16.技術的な心配をするよりも、フレーミングや写真の構成に注視すること。

技術ももちろん必要ですが、フレーミングや写真の構成こそがその人の「個性」「クリエイティビティ」だなと感じます。

同じ場所でも撮る人が違えば出てくる写真も違います。かのスティーブ・ジョブズもクリエイティビティとはただの「組み合わせ」で、それは創るというより、新しい組み合わせを見つけるだけの事と定義しています。多くの写真を見て、多くの場所を訪れて自分の引き出しを増やす事が写真に限らず、どんな場面においても大切な事ではないかと思います。

 

17.機材にあるロゴを黒いテープ等で隠してしまうこと。これによって自分があまり目立たなくなる。

写真 2015-01-31 17 20 20

これは僕も実際にやっています。

カメラを盗む人は、どれが高いカメラかをちゃんと知っています。そして道を歩きながら見てるんです(多分)。

なので、自分で出来る最大限の防犯対策としては、

・危険な地域、治安が悪い地域では極力カメラを出さない。一眼レフなど大きいカメラは特に。

・機材のロゴや型番はテープで隠す。

・わざとガムテープなどを貼り、「ボロボロのカメラ」だということをアピールする。売ってもお金にならなそうなカメラを盗もうとはしませんよね。

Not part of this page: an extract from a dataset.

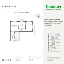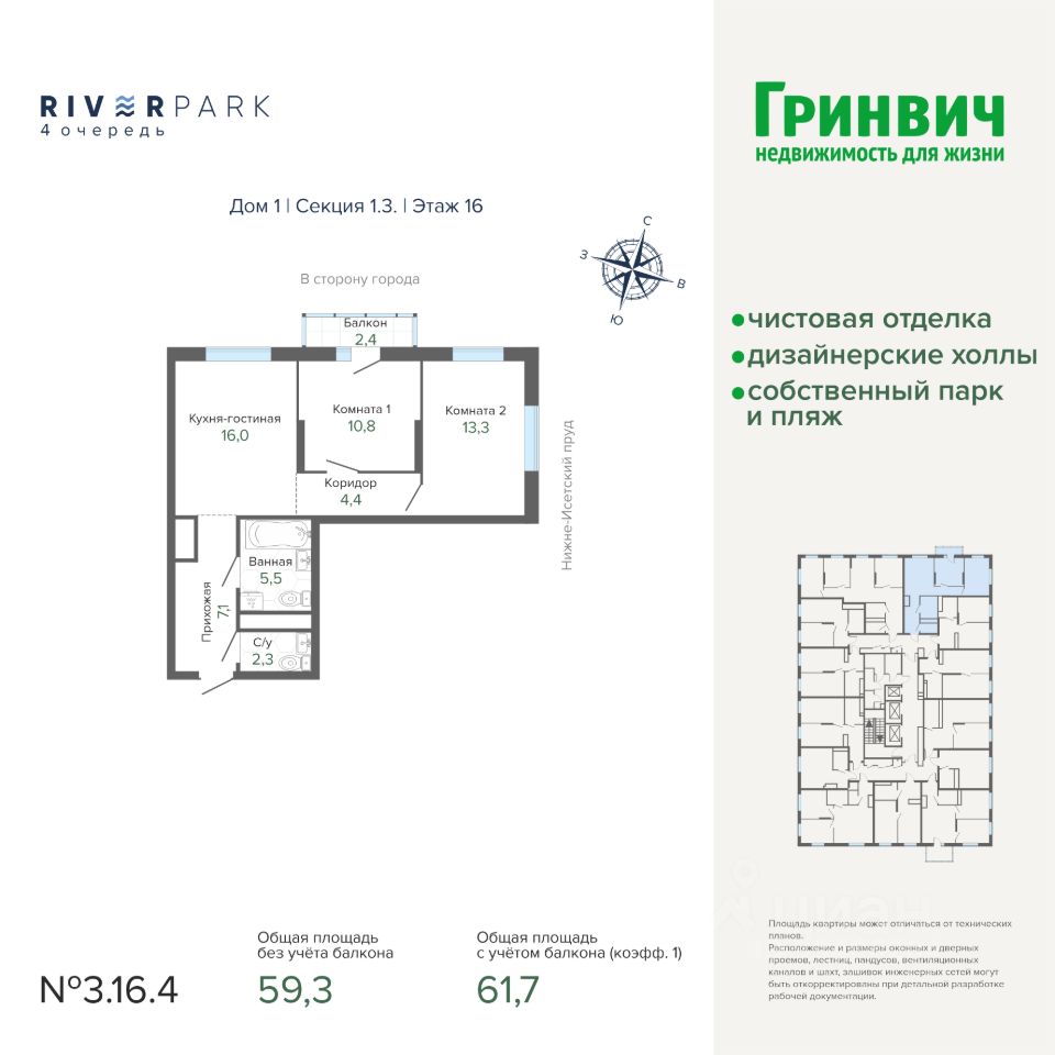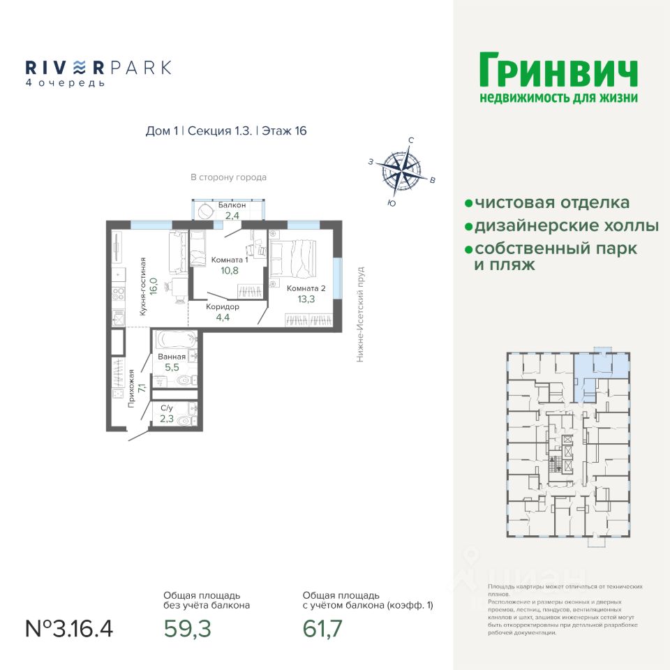 Продаётся 2-комнатная квартира в строящемся доме (Секция 3), срок сдачи: III-кв. 2026, общей площадью 61.68 кв.м., на 16 этаже. "Атлас Ривер" - это проект от "Атлас Девелопмент" в самом экологичном и природном районе Уктуса. Три высотки расположены в наиболее выигрышной локации квартала: в непосредственной близости к парку и набережной Нижнеисетского пруда.

日本国内だったら大丈夫かもしれませんが、海外、特に治安の悪い場所などは十分な注意が必要です。

 

18.明るい日中に撮影する場合は、常に露出少なめ、2/3程度で撮影すること。

これは次回からやってみようと思った項目です。

おそらくこれは、RAWでの現像を前提に書いていると思うのですが、現像においてリカバーが難しいのが過剰露出の「白とび」。

天気のいい日に撮ると空が真っ白になった経験はないでしょうか?あまりにも光りの量が多過ぎてカメラ側が色を「白」と認識してしまう現象です。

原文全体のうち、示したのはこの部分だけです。